Sulfuric acid-dried hydrogen chloride gas is introduced in a slow stream until no starting material is present in the thin-layer chromatogram. The reaction mixture is precipitated in 120 ml of a 1% sodium bicarbonate solution. The methylene chloride phase is separated, washed with water until neutral, dried and evaporated to dryness. 1.1 g of 21-acetoxy-9α-chloro-11H-hydroxy-17α-methoxymethoxy-4-pregen-3,20-dione are obtained, which, after recrystallization, has a melting point of 194.5 ° C.

Example 2

(a) 9.0 g of 21-Acetoxy-17α-hydroxy-4,9 (11j-pregnadien-3,20-dione) are dissolved with 72 ml of formaldehyde diethyl acetal and 280 ml of methylene chloride and cooled to 0 ° C. 9.0 g of phosphorus pentoxide and 18 g of diatomaceous earth were stirred in an ice bath for 2.5 hours, filtered and washed with methylene chloride, adjusted to pH 9 with triethylamine, and concentrated on silica gel with toluene-ethyl acetate. 5.93 g of 21-acetoxy-17.alpha.-ethoxymethoxy-4,9 (11) -pregnadien-3,20-dione, m.p. 167-169 ° C.

bj 5.8 g of 21-Acetoxy-17α-ethoxymethoxy-4,9 (11) -pregnadien-3,20-dione is reacted under the conditions of Example 1b but without recrystallization to give 7.6 g of crude 21-acetoxy -17? -Ethoxymethoxy-9? -Bromo-11? -Hydroxy-4-pregnene-3,20-dione as a glassy substance.

cj 7.6 g of crude 21-acetoxy-17-α-ethoxymethoxy-9-bromo-11 H -hydroxy-4-pregnene-3,20-dione was reacted under the conditions of Example 1c and the methanolic crude product solution was filtered through silkagel. 5.49 g of crude 21-acetoxy-17 H -ethoxymethoxy-9 (3, 11/2-epoxy-4-pregnene-3,20-dione) are obtained as an amorphous substance.
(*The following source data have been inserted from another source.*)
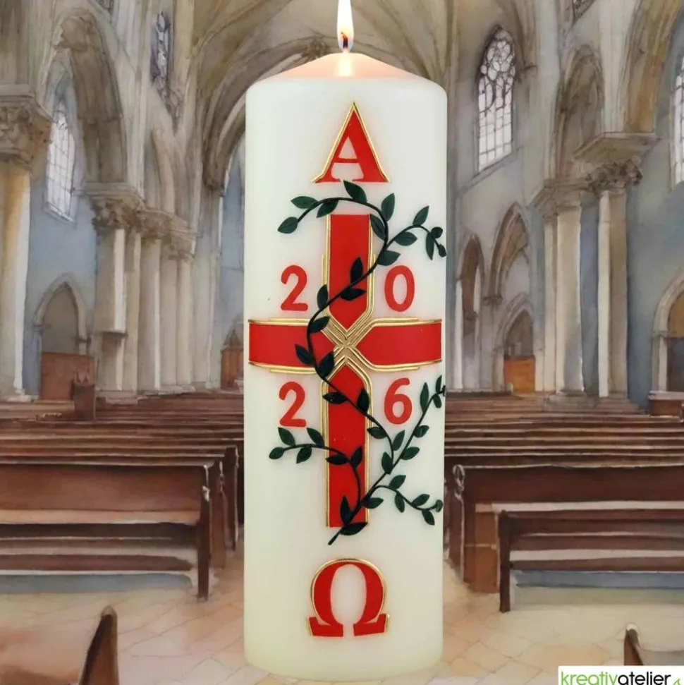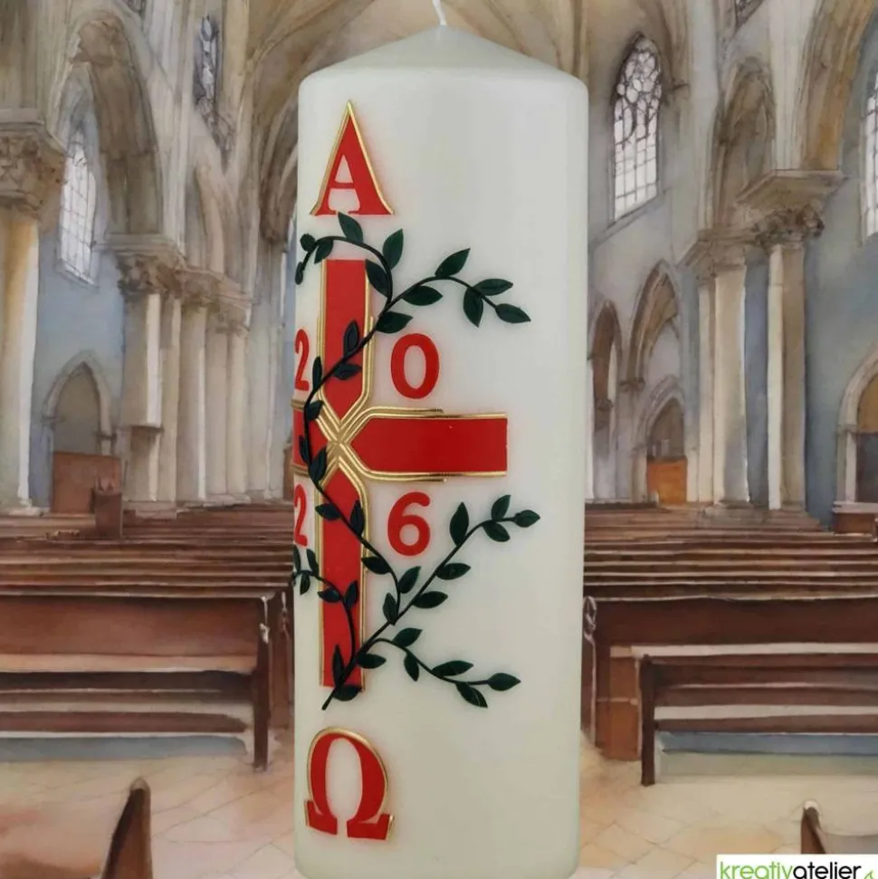 Die gold umrandete rote Kreuzverzierung auf der Kerze symbolisiert die Auferstehung Jesu Christi, die das zentrale Ereignis der christlichen Osterfeier ist. Die grüne Blumenranke, die das Kreuz umgibt, steht für Wachstum und Erneuerung und symbolisiert das Leben, das durch Christus möglich wird. Das Alpha und Omega auf der Kerze steht für den Anfang und das Ende und symbolisiert, dass Christus der Anfang und das Ende aller Dinge ist. Die aktuelle Jahreszahl auf der Kerze weist auf die Bedeutung von Ostern in diesem Jahr hin und macht die Kerze zu einem besonderen Erinnerungsstück.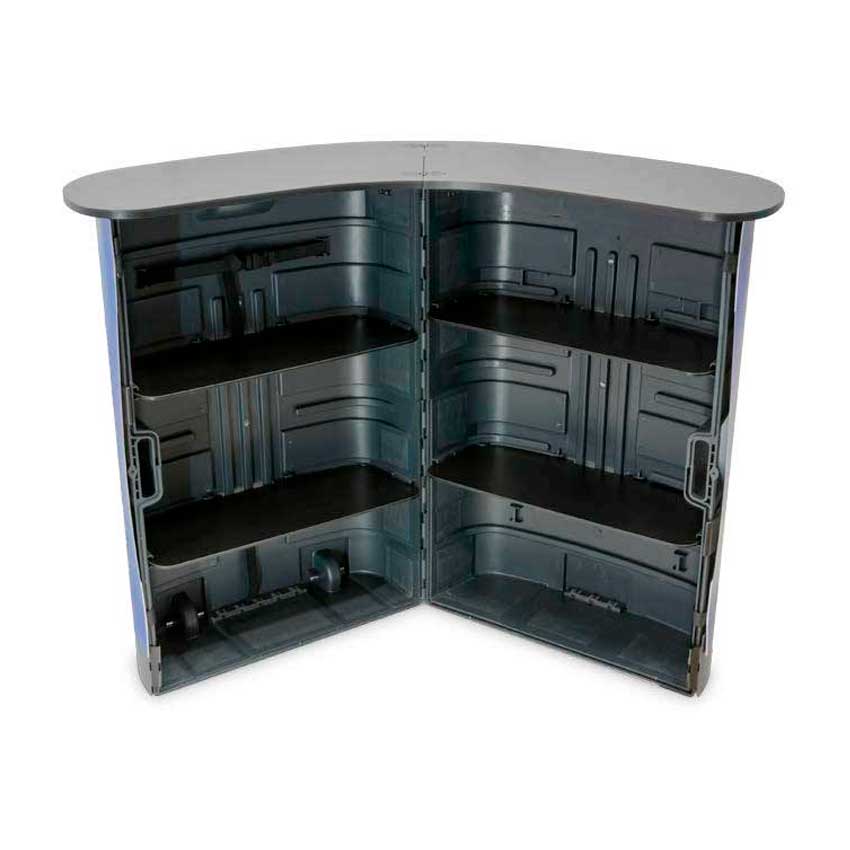 Den här monterdisken förvandlas till en stor v-formad disk på några minuter. Framsidan printas med er design eller logotype. Uppställd så erbjuder disken gott om förvaring tack vare de invändiga hyllplanen. Storlek hopfälld (mm) = D415xB640xH1000. Storlek utfälld (mm) = D590 x B1390 x H1010.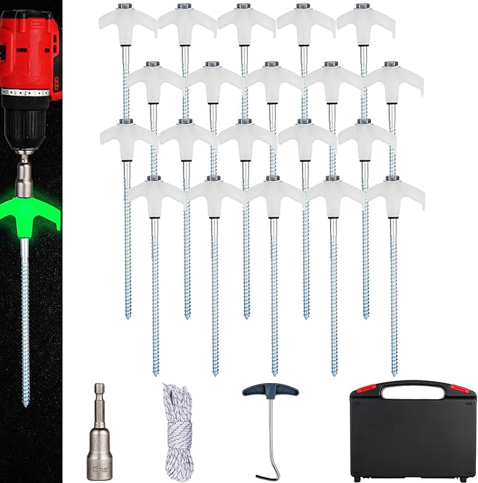 20PCS Camping Tent Stakes Heavy Duty,8 Inch Screw in Tent Stakes Heavy Duty,Nightglow Metal Tent Stakes,with Hex Head Driver,Nail Lifter,Ropes,White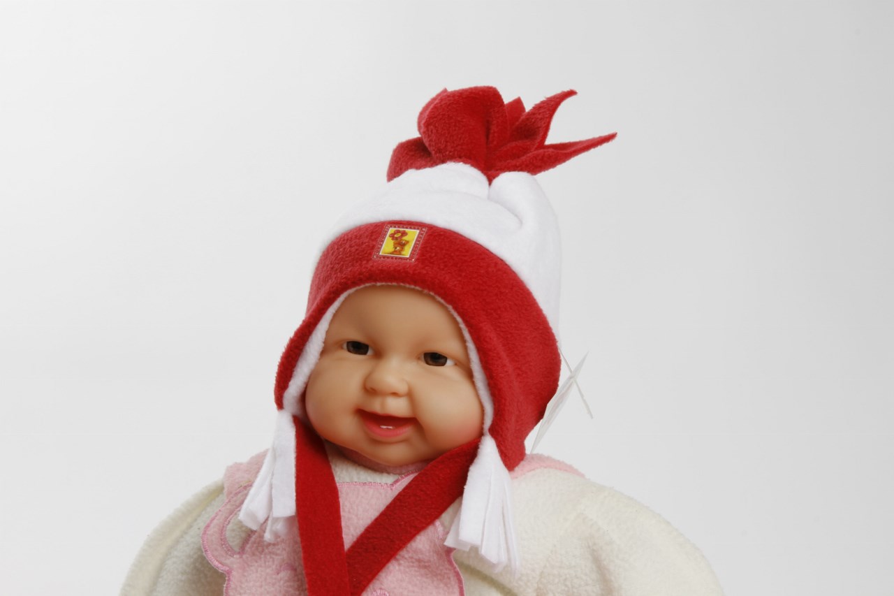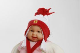 Kuschlig warme Mütze aus Polarfleece. Mit ihrer auffälligen rot/weiß Kombination und dem rot gefransten Bommel kommt sie bei den Kids immer gut an.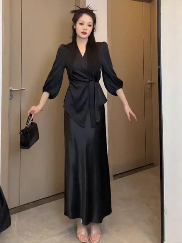 Women's Black Satin Fishtail Skirt - High Waist, Draped, with Slit - Spring/Summer 2026 Fashion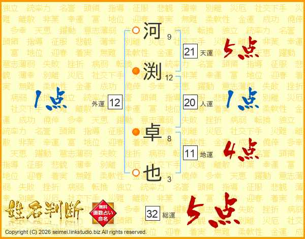 あなたの人生を表す1番重要な運勢です。生涯を通じて影響する総合運となり、主に50歳以降の晩年期に影響を及ぼします。苗字と名前の合計画数。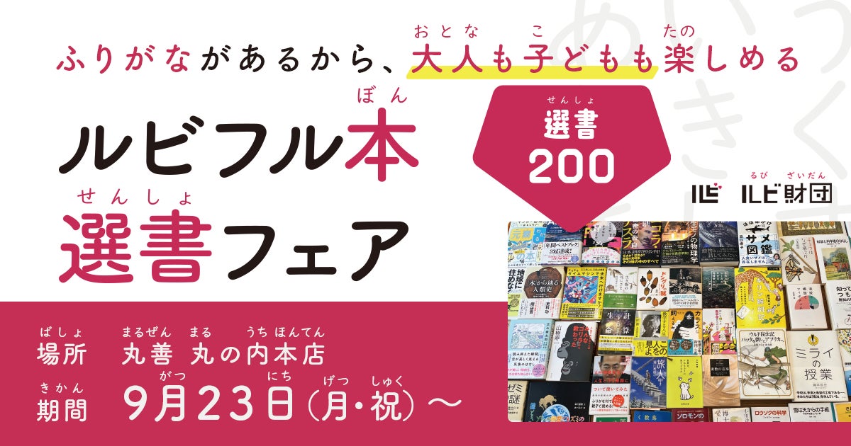 社会にふりがな(ルビ)を適切に増やすことで、あらゆる人が学びやすく、多文化が共生する「ルビフル」な社会づくりを目指す一般財団法人 ルビ財団(所在地:東京都港区、代表理事:伊藤 豊、以下ルビ財団)は、丸の内オアゾの丸善 丸の内本店にて、9/23より、ふりがながあるから大人も子供もたのしめる「ルビフル本」の選書フェアが開催されることをお知らせします。

dj 5.4 g of crude 21-acetoxy-17'-ethoxymethoxy-9 (3 ', 11'-epoxy-4-pregnene-3,20-dione) was reacted under the conditions described in Example 1d. The crude product was chromatographed on silica gel with a mixture of: toluene-exnyl acetate and 1.78 g of 21-acetoxy-17α-ethoxymethoxy-9α-chloro-11β-hydroxy-4-pregnene-3,20-dione, m.p. 148-151 ° C, were obtained.

Claims (1)

SUBJECT A process for the preparation of the 17-position of the substituted β / β-hydroxysteroids of the pregnane series of formula (I) wherein the bonds are single bonds or double bonds, X is hydrogen, fluorine, chlorine or methyl, Y a hydrogen atom, Z is hydrogen, fluorine or chlorine; Y and Z together form a carbon-carbon bond, Y a β-hydroxymethylene group, a β-chloromethylene group or a carbonyl group, W a methylene group, an ethylidene group or a vinylidene group, Q an oxygen or sulfur atom, R 1 is an alkyl group having 1 to 8 carbon atoms, optionally interrupted by an oxygen atom, or a benzyl group, YNÁLEZU R? a hydrogen atom or a (C 1 -C 4) alkyl group; or R1 and R2 together are trimethylene or tetramethylene, R3 is a hydrogen atom, a fluorine atom, a chlorine atom or a free or esterified hydroxy group, preferably an acyloxy group having 1 to 16 carbon atoms in the acyl residue, a sulphate group or a phosphate group, characterized in that wherein X, W, Q, R 1, R 2 and R 3 are as previously defined and the corticosteroids saturated at the 1,2-position are optionally dehydrogenated and / or II-dehydrogenated; The hydroxy group is oxidized to the oxo group and / or the 21-ester groups are saponified and / or the 21-hydroxy groups are esterified or exchanged for fluorine or chlorine atoms.